_Problem_
Could you please output all of the data exactly, without the images?

=== Supplied information ===

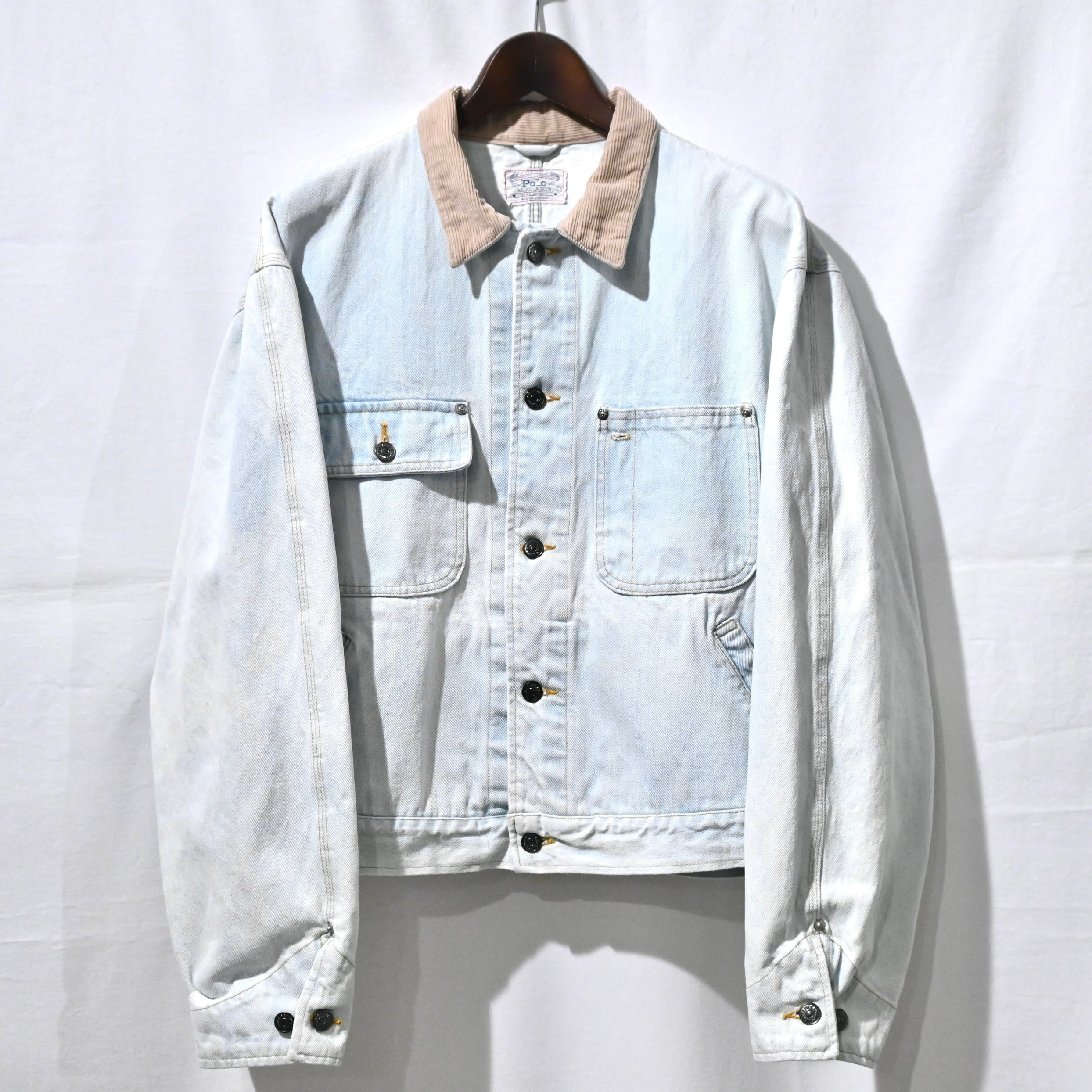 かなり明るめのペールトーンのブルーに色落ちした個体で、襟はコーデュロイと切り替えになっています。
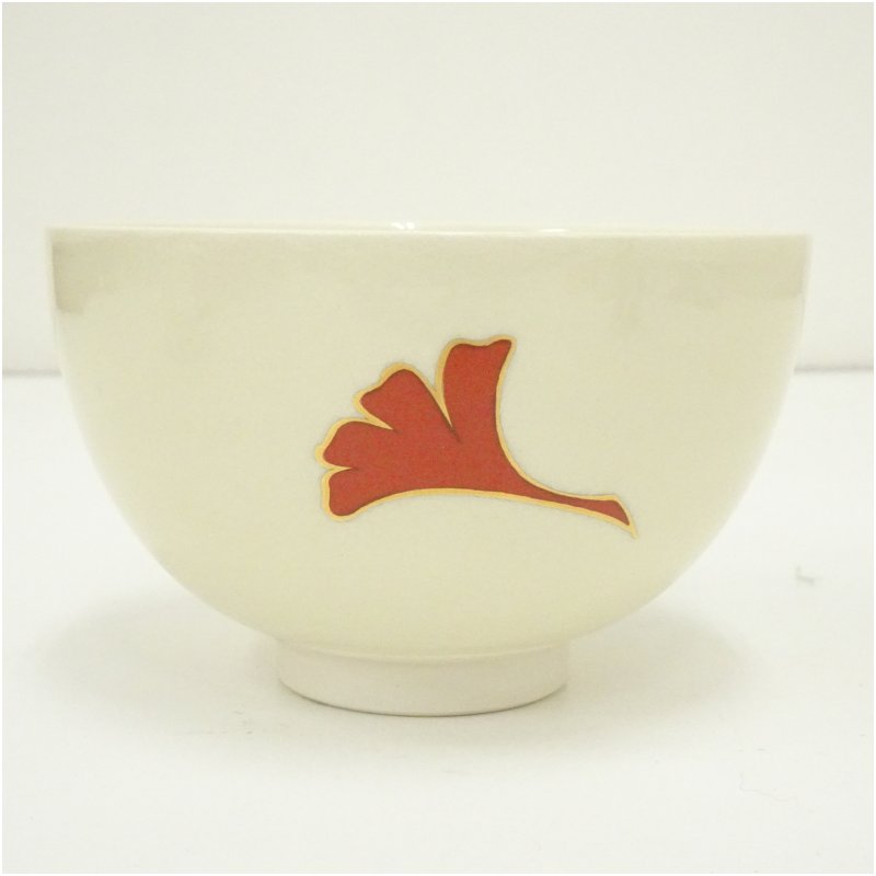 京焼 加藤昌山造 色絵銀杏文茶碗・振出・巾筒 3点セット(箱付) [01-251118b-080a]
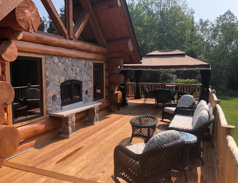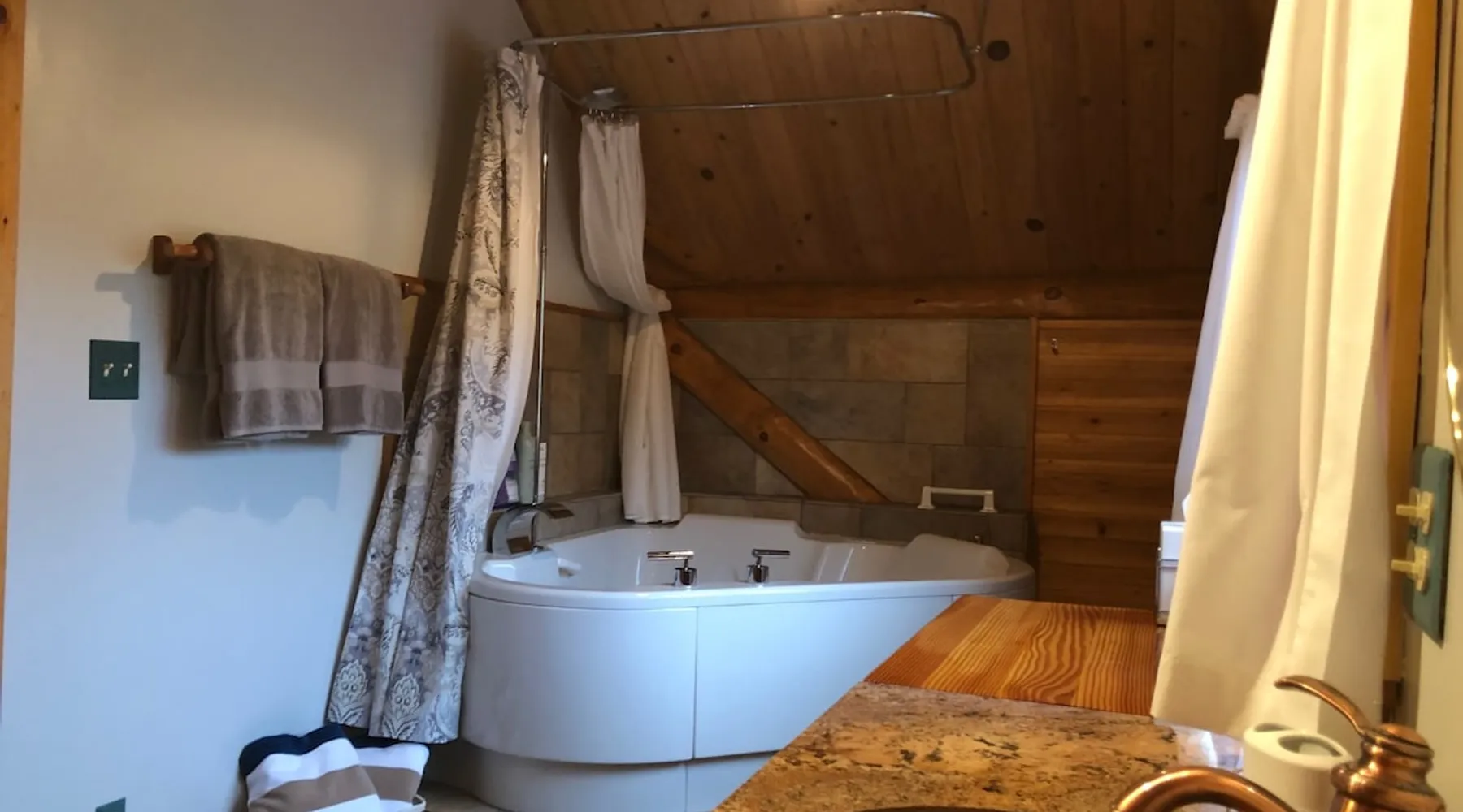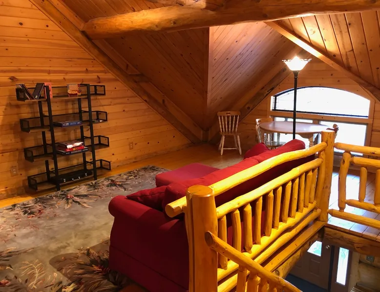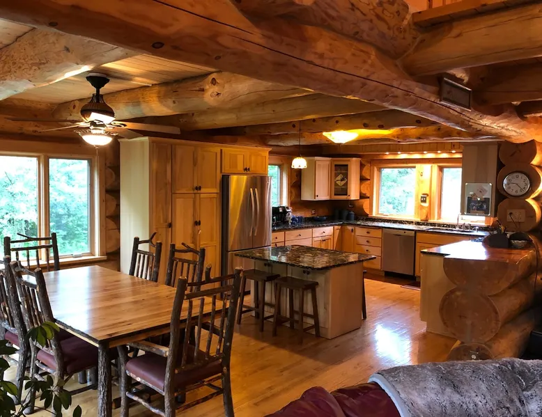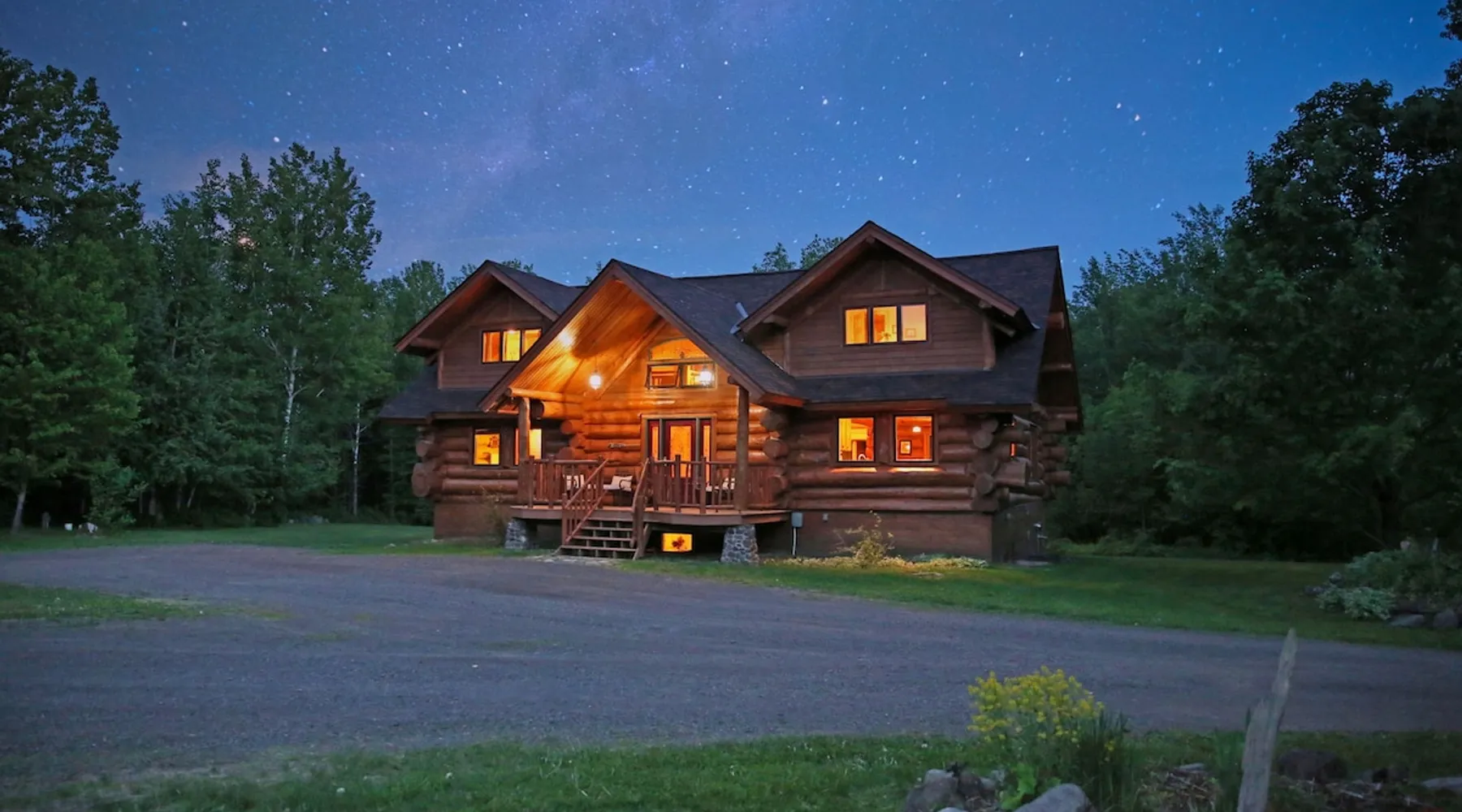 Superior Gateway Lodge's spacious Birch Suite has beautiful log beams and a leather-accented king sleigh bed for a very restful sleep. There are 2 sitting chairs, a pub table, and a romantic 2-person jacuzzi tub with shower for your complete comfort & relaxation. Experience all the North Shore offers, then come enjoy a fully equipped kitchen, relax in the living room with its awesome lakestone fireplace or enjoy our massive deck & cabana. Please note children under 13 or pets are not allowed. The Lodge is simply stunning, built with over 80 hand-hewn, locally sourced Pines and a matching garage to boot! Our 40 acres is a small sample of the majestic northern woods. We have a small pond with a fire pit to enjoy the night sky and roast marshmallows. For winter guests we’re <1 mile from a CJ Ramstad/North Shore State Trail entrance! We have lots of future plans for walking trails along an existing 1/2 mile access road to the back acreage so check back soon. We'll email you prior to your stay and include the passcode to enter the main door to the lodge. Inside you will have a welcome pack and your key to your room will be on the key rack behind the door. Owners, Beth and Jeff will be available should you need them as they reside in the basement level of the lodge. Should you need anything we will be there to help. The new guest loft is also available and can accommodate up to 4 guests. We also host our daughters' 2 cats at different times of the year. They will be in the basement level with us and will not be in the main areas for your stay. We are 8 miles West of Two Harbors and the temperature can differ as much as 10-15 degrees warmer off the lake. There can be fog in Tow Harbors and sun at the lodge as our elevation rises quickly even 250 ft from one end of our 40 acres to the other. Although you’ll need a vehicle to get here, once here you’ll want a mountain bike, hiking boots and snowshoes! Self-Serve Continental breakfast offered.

===

_Exercise response_
 かなり明るめのペールトーンのブルーに色落ちした個体で、襟はコーデュロイと切り替えになっています。
 京焼 加藤昌山造 色絵銀杏文茶碗・振出・巾筒 3点セット(箱付) [01-251118b-080a]
 Superior Gateway Lodge's spacious Birch Suite has beautiful log beams and a leather-accented king sleigh bed for a very restful sleep. There are 2 sitting chairs, a pub table, and a romantic 2-person jacuzzi tub with shower for your complete comfort & relaxation. Experience all the North Shore offers, then come enjoy a fully equipped kitchen, relax in the living room with its awesome lakestone fireplace or enjoy our massive deck & cabana. Please note children under 13 or pets are not allowed. The Lodge is simply stunning, built with over 80 hand-hewn, locally sourced Pines and a matching garage to boot! Our 40 acres is a small sample of the majestic northern woods. We have a small pond with a fire pit to enjoy the night sky and roast marshmallows. For winter guests we’re <1 mile from a CJ Ramstad/North Shore State Trail entrance! We have lots of future plans for walking trails along an existing 1/2 mile access road to the back acreage so check back soon. We'll email you prior to your stay and include the passcode to enter the main door to the lodge. Inside you will have a welcome pack and your key to your room will be on the key rack behind the door. Owners, Beth and Jeff will be available should you need them as they reside in the basement level of the lodge. Should you need anything we will be there to help. The new guest loft is also available and can accommodate up to 4 guests. We also host our daughters' 2 cats at different times of the year. They will be in the basement level with us and will not be in the main areas for your stay. We are 8 miles West of Two Harbors and the temperature can differ as much as 10-15 degrees warmer off the lake. There can be fog in Tow Harbors and sun at the lodge as our elevation rises quickly even 250 ft from one end of our 40 acres to the other. Although you’ll need a vehicle to get here, once here you’ll want a mountain bike, hiking boots and snowshoes! Self-Serve Continental breakfast offered.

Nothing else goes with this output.